Shafi considered. “I could scream like I was being eaten by thylacadons. Then when he came to collect my bones, we could jump him.”
“Only he might not collect your bones at all,” Fix said. “He might find your screams unpersuasive. He might be perfectly happy leaving your bones down here forever, unwitnessed.”
“I could tell you what I said to persuade him to take me in,” Shafi said. “Then you could make a similar appeal.”
“Surely, he would find a band of three armed men asking to be his apprentices suspicious.” Indrajit shook his head. “What else?”
“That’s all I can think of.”
“What if we wait until dark,” Fix suggested, “and then you lead us to where the conjurer sleeps?”

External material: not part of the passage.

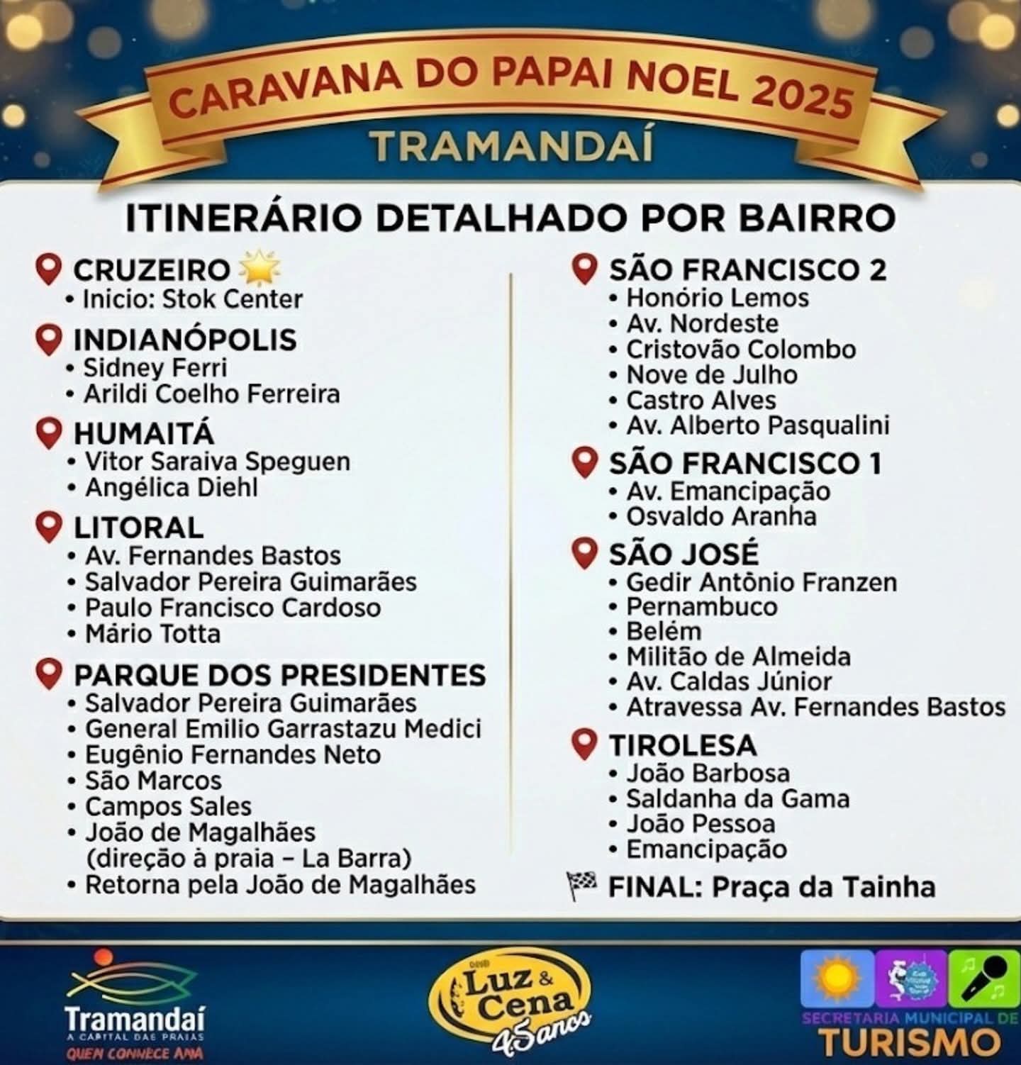 A Caravana do Papai Noel é uma realização do Luz e Cena, com apoio da Prefeitura de Tramandaí, por meio da Secretaria Municipal de Turismo.

“I . . . would rather not,” Shafi said.
“Because you’re afraid he’d capture you and put you back in this pit,” Indrajit said. “With the bird of freedom in your hand, you don’t want to trade it for anything uncertain that might be in the bush. You want to run away while you can.”
“Yes. For that reason.”
“But remember that we might not let you go at all,” Indrajit pointed out. “And if you help us get what we need from Adunummu, we won’t stand in the way of your taking that bracer you wanted.”
Shafi slumped in his chains, then nodded slowly. “Agreed.”